In one embodiment, the input module 202 may be configured to combine the multiple witness statements into a combined witness statement and text data derived from the combined witness statement may then be used to query the data source(s) 108 (or memory 112) to identify (using the identification engine 204 and in the manner that will be described further below) at least one event occurrence record that matches the combined witness statement. In the example of FIG. 3, the multiple witness statements received from the witnesses 3021, 3022, 3023, 3024 are combined and used by the server system 102 to identify three (3) event occurrence records 3101, 3102, 3103 that match the received witness statements.
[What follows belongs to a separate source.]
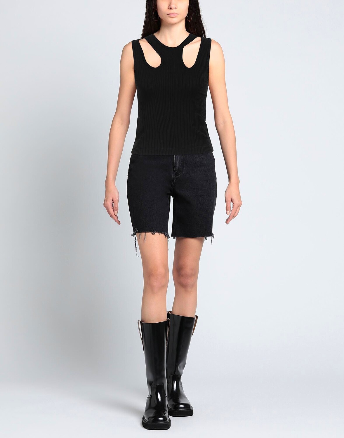Трикотаж, в рубчик, без аппликаций, одноцветное изделие, круглый вырез, без рукавов, без карманов, стрейч, топ

In yet other embodiments, the input module 202 may be configured to compare the witness statements (e.g., compare attributes thereof) to identify any anomalous (or outlier) witness statement. A witness statement that diverges (e.g., has notably different attributes) from other witness statements may be considered anomalous. Such an anomalous witness statement may be the result of a bad recollection on behalf of the witness, may be due to the witness' location or field of view relative to the incident, or may be indicative of a malicious effort to provide a misleading witness statement. An indication of the witness statement being anomalous may then be generated for presentation (e.g., via the output module 208) on the display 124 of the client device 104.

Referring now to FIG. 2B in addition to FIG. 2A, the input module 202 is configured to send to the identification engine 204 a query using the text data derived from the witness statement(s) (i.e. individual statements or witness statements as a whole, such as a combined witness statement or a grouping of witness statements as described herein above) for use in identifying one or more event occurrence records that match the witness statement(s). As will be described further below, the identification engine 204 is configured to match the text data associated with the witness statement(s) to one or more events captured by the surveillance system 100. For this purpose and as illustrated in FIG. 2B, the identification engine 204 comprises, in one embodiment, a feature extraction module 210, a similarity module 212, and an optional ranking module 214.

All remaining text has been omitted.